— Your goal —
Print exactly the lines from the one that contains "This bingo card" through the final line of the entries below, both included, and nothing else; omit the pictures.

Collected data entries
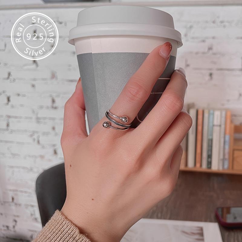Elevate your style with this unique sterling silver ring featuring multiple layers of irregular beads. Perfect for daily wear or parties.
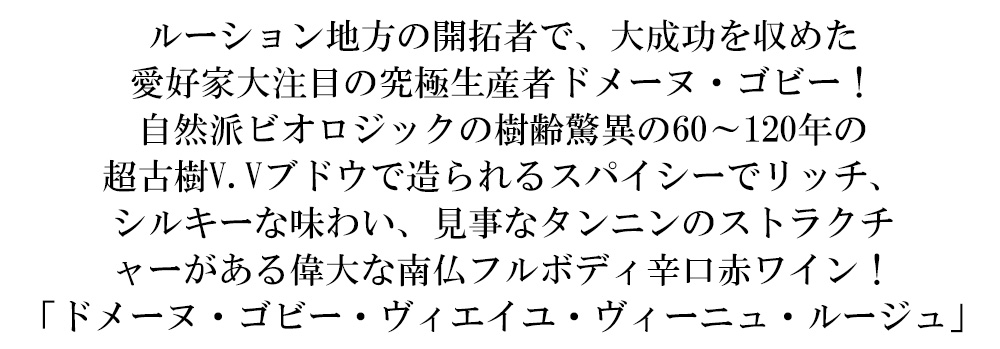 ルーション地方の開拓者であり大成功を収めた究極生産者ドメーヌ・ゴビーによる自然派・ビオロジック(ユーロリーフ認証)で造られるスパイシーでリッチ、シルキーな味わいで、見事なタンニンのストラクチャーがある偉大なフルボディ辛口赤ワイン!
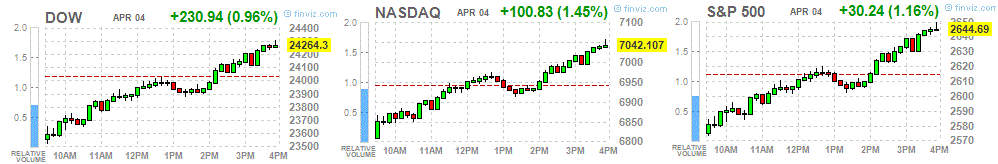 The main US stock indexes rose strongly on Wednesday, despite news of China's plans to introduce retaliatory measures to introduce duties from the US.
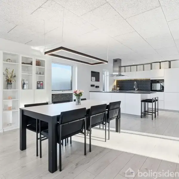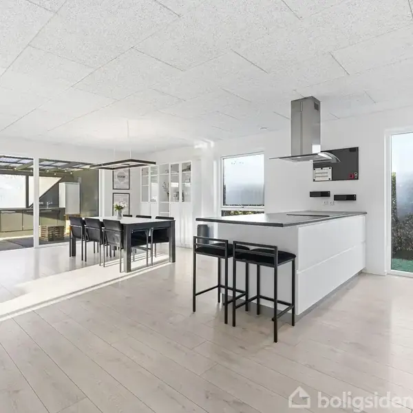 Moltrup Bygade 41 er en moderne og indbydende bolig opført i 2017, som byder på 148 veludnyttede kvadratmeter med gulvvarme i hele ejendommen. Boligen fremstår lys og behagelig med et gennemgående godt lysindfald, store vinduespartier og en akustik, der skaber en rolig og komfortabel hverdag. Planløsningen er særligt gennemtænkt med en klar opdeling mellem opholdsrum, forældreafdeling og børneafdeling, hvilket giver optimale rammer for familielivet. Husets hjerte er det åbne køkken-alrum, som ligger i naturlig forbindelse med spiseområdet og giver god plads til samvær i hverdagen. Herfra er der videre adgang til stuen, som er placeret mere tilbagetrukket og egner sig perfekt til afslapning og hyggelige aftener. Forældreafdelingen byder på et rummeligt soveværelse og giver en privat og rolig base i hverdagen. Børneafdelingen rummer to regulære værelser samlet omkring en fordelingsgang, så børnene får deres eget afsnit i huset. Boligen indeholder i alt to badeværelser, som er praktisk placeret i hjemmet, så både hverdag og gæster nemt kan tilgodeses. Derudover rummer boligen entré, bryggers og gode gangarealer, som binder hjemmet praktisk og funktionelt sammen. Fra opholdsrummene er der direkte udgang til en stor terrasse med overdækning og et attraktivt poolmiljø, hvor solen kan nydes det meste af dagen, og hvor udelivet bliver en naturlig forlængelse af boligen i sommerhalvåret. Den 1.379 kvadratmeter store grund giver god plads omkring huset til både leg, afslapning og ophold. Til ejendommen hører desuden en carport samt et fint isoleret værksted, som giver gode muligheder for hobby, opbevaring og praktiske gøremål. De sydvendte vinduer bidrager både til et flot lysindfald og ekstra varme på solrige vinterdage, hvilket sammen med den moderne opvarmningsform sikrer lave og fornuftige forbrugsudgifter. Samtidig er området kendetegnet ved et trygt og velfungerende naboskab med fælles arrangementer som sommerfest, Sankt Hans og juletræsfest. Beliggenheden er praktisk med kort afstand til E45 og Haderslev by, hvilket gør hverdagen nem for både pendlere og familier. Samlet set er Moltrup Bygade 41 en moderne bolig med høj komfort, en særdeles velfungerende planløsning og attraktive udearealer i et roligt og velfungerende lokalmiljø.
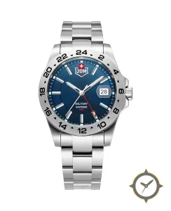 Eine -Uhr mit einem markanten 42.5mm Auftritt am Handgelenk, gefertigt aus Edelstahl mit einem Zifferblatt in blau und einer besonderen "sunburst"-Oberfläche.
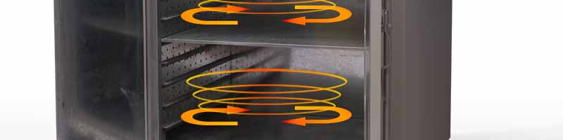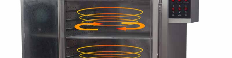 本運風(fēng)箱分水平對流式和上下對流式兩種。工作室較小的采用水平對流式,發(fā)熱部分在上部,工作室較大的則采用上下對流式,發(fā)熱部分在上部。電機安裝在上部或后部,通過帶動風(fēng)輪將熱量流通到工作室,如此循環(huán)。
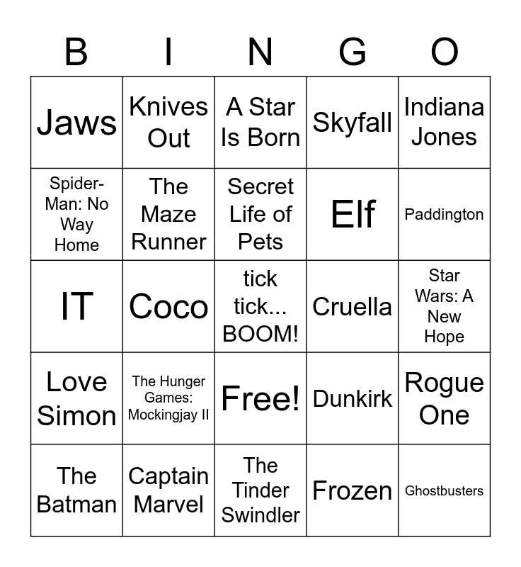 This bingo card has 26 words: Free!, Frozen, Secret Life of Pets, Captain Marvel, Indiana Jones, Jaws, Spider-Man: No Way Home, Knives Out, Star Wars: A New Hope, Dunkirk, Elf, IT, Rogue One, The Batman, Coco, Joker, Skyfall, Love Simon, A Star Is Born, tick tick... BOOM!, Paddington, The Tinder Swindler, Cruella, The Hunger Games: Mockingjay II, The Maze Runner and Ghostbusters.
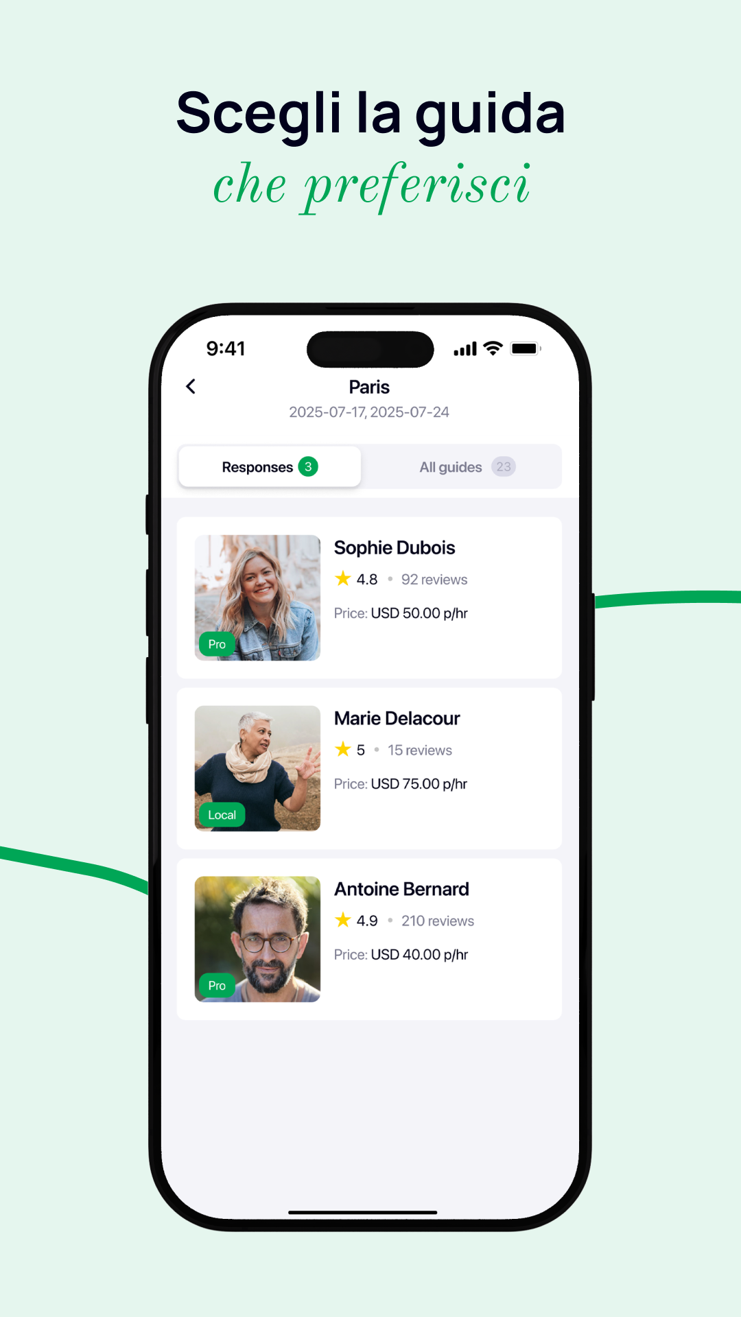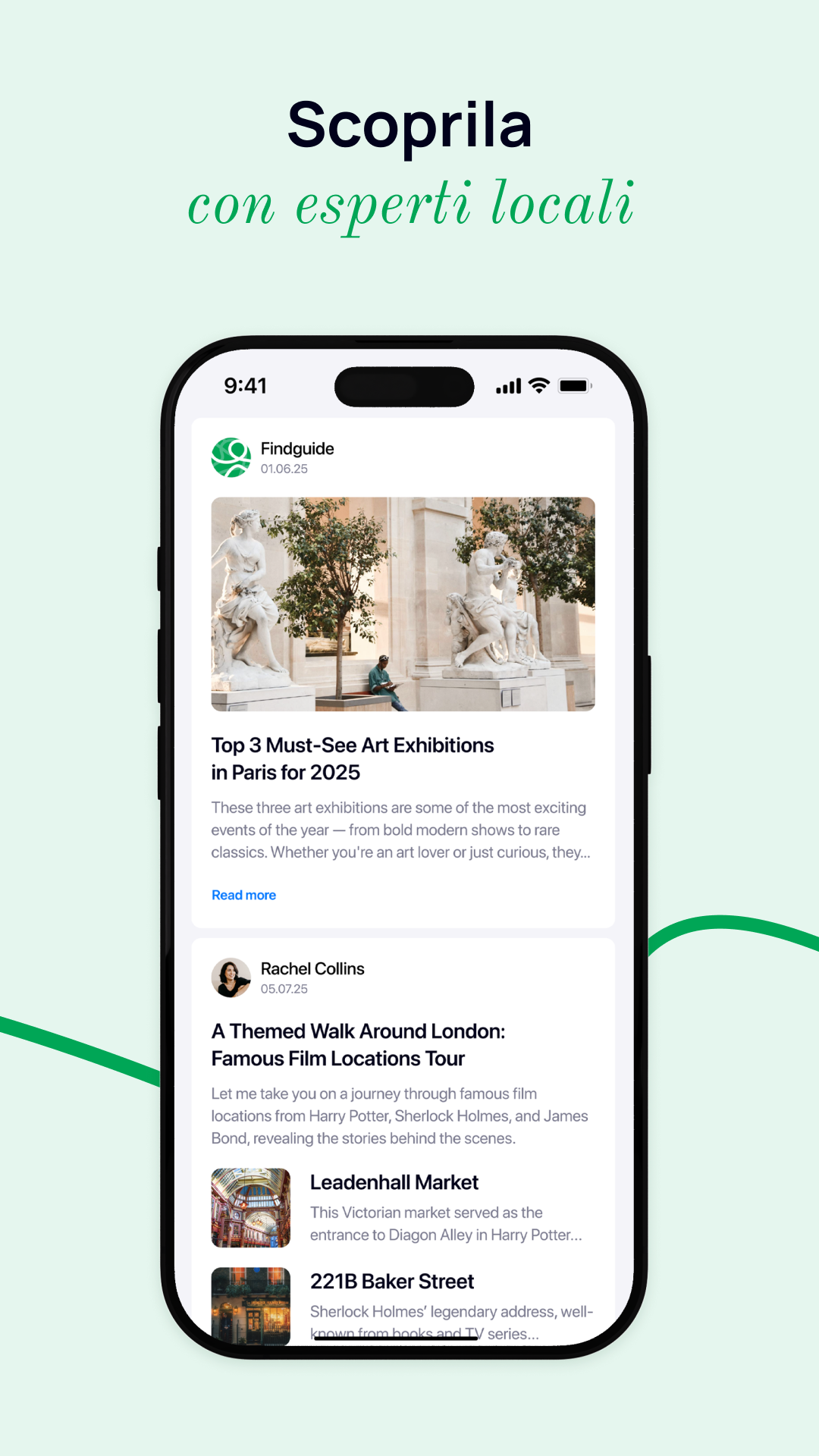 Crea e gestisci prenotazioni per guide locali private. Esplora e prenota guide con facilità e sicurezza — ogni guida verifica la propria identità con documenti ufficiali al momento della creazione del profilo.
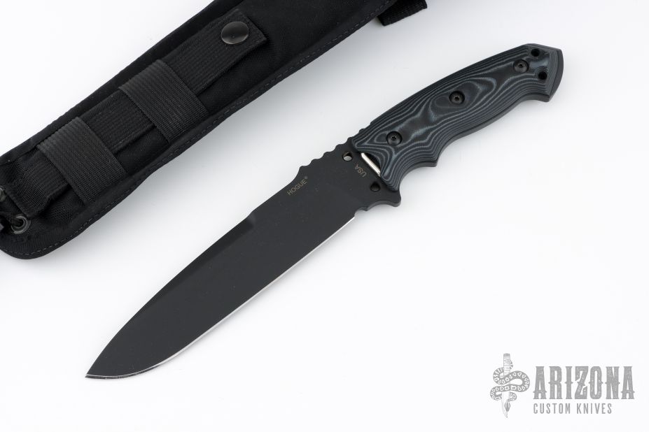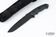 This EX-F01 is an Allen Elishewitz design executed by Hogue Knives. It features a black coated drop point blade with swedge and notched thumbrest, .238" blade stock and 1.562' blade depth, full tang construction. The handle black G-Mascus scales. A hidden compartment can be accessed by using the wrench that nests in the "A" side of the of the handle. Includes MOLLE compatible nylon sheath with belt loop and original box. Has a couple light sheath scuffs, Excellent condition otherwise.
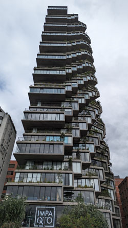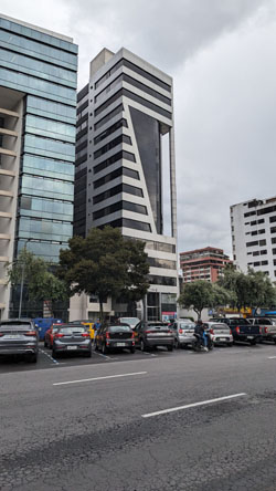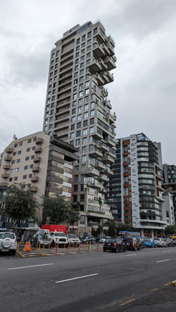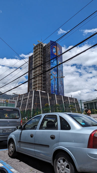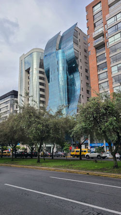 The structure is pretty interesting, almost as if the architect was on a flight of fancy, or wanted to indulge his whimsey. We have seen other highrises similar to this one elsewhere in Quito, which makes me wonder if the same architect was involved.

— Solution to this problem —
 This bingo card has 26 words: Free!, Frozen, Secret Life of Pets, Captain Marvel, Indiana Jones, Jaws, Spider-Man: No Way Home, Knives Out, Star Wars: A New Hope, Dunkirk, Elf, IT, Rogue One, The Batman, Coco, Joker, Skyfall, Love Simon, A Star Is Born, tick tick... BOOM!, Paddington, The Tinder Swindler, Cruella, The Hunger Games: Mockingjay II, The Maze Runner and Ghostbusters.
 Crea e gestisci prenotazioni per guide locali private. Esplora e prenota guide con facilità e sicurezza — ogni guida verifica la propria identità con documenti ufficiali al momento della creazione del profilo.
 This EX-F01 is an Allen Elishewitz design executed by Hogue Knives. It features a black coated drop point blade with swedge and notched thumbrest, .238" blade stock and 1.562' blade depth, full tang construction. The handle black G-Mascus scales. A hidden compartment can be accessed by using the wrench that nests in the "A" side of the of the handle. Includes MOLLE compatible nylon sheath with belt loop and original box. Has a couple light sheath scuffs, Excellent condition otherwise.
 The structure is pretty interesting, almost as if the architect was on a flight of fancy, or wanted to indulge his whimsey. We have seen other highrises similar to this one elsewhere in Quito, which makes me wonder if the same architect was involved.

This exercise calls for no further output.